You need to set sticky bit on /bin/ip command.
> On 9/1/21, 10:54 AM, "pgpool-general on behalf of Wolf Schwurack" <pgpool-general-bounces at pgpool.net on behalf of wolf at uen.org> wrote:
>
> Hello
>
> This shows pcp_watchdog_info after node1 is added back in
> postgres at pgtest-02:~$ pcp_watchdog_info -h localhost -U wolf
> Password:
> 3 YES pgtest-02:9999 Linux pgtest-02 pgtest-02
>
> pgtest-02:9999 Linux pgtest-02 pgtest-02 9999 9000 4 LEADER
> pgtest-01:9999 Linux pgtest-01 pgtest-01 9999 9000 7 STANDBY
> pgtest-03:9999 Linux pgtest-03 pgtest-03 9999 9000 7 STANDBY
>
> Here's the pgpool.log from node3 after shutdown of pgpool on node2
> 2021-09-01 10:43:38: pid 417478: LOG: adding watchdog node "pgtest-01:9999 Linux pgtest-01" to the standby list
> 2021-09-01 10:43:38: pid 417478: LOG: quorum found
> 2021-09-01 10:43:38: pid 417478: DETAIL: starting escalation process
> 2021-09-01 10:43:38: pid 417478: LOG: escalation process started with PID:554759
> 2021-09-01 10:43:38: pid 417478: LOG: signal_user1_to_parent_with_reason(3)

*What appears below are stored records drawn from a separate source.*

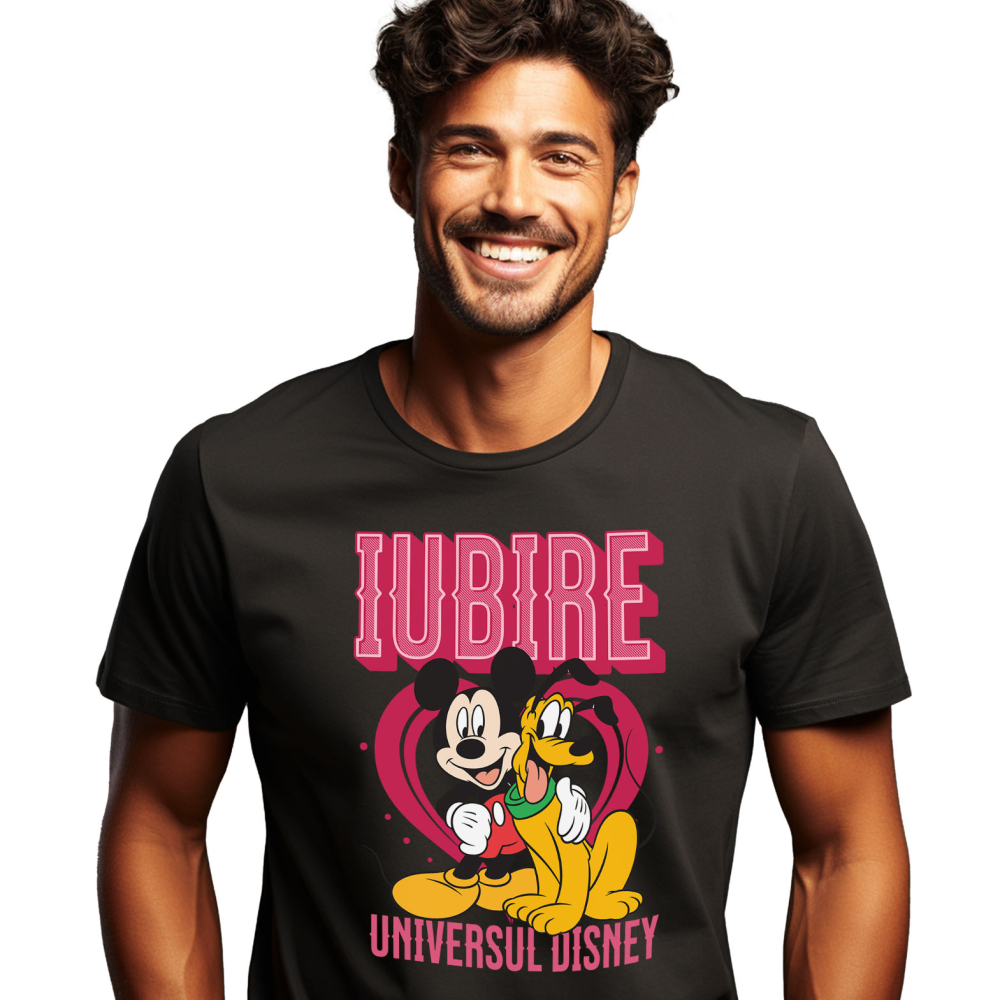 Tricou Barbati cu Mickey si Pluto – Echipa Vesela 100% Bumbac, Negru, L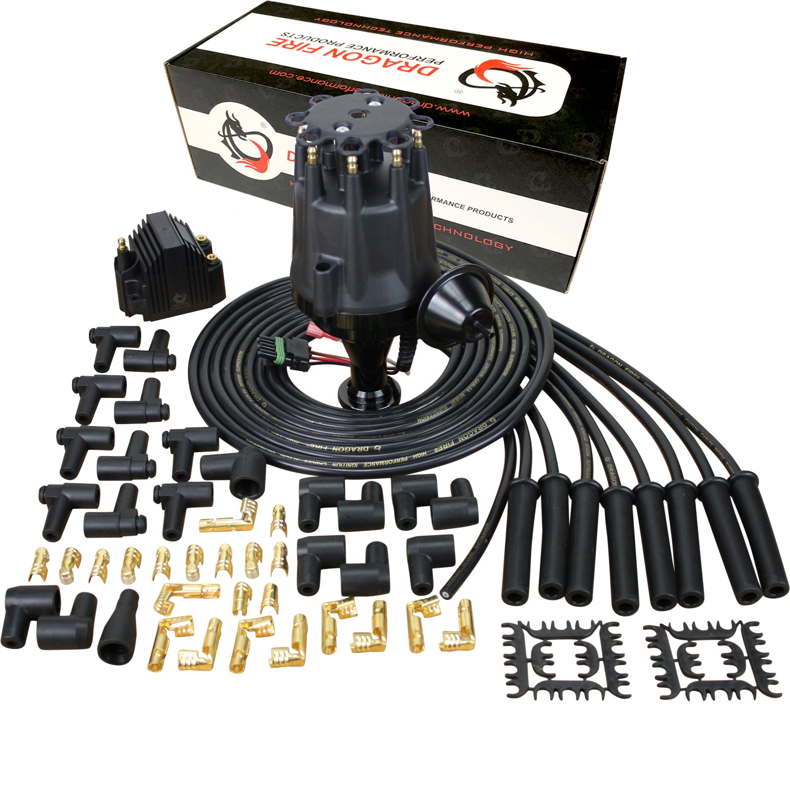 Dragon Fire Performance Pro Series Ready To Run Ignition Distributor Coil and 180° Spark Plug Wire Set For Pontiac 326 350 389 400 421 428 455 V8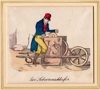 Der Scherenschleifer original Holzschnitt Altkoloriert um 1820

> 2021-09-01 10:43:38: pid 417474: LOG: Pgpool-II parent process received SIGUSR1
> 2021-09-01 10:43:38: pid 417474: LOG: Pgpool-II parent process received watchdog quorum change signal from watchdog
> 2021-09-01 10:43:38: pid 417478: LOG: new IPC connection received
> 2021-09-01 10:43:38: pid 417474: LOG: watchdog cluster now holds the quorum
> 2021-09-01 10:43:38: pid 417474: DETAIL: updating the state of quarantine backend nodes
> 2021-09-01 10:43:38: pid 417478: LOG: new IPC connection received
> 2021-09-01 10:43:38: pid 554759: LOG: watchdog: escalation started
> RTNETLINK answers: Operation not permitted
> 2021-09-01 10:43:38: pid 554759: LOG: failed to acquire the delegate IP address
> 2021-09-01 10:43:38: pid 554759: DETAIL: 'if_up_cmd' failed
> 2021-09-01 10:43:38: pid 554759: WARNING: watchdog escalation failed to acquire delegate IP
>
> Here's pcp_watchdog_info on node3 after showdown of pgpool on node2
> postgres at pgtest-03:~$ pcp_watchdog_info -h localhost -U wolf
> Password:
> 3 YES pgtest-03:9999 Linux pgtest-03 pgtest-03
>
> pgtest-03:9999 Linux pgtest-03 pgtest-03 9999 9000 4 LEADER
> pgtest-01:9999 Linux pgtest-01 pgtest-01 9999 9000 7 STANDBY
> pgtest-02:9999 Linux pgtest-02 pgtest-02 9999 9000 10 SHUTDOWN
>
> Here's pcp_watchdog_info on node3 after start of pgpool on node2
> postgres at pgtest-03:~$ pcp_watchdog_info -h localhost -U wolf
> Password:
> 3 YES pgtest-03:9999 Linux pgtest-03 pgtest-03
>
> pgtest-03:9999 Linux pgtest-03 pgtest-03 9999 9000 4 LEADER
> pgtest-01:9999 Linux pgtest-01 pgtest-01 9999 9000 7 STANDBY
> pgtest-02:9999 Linux pgtest-02 pgtest-02 9999 9000 7 STANDBY
>
> Still no watchdog IP enabled It seems this is the issue on node3 maybe a permission issue?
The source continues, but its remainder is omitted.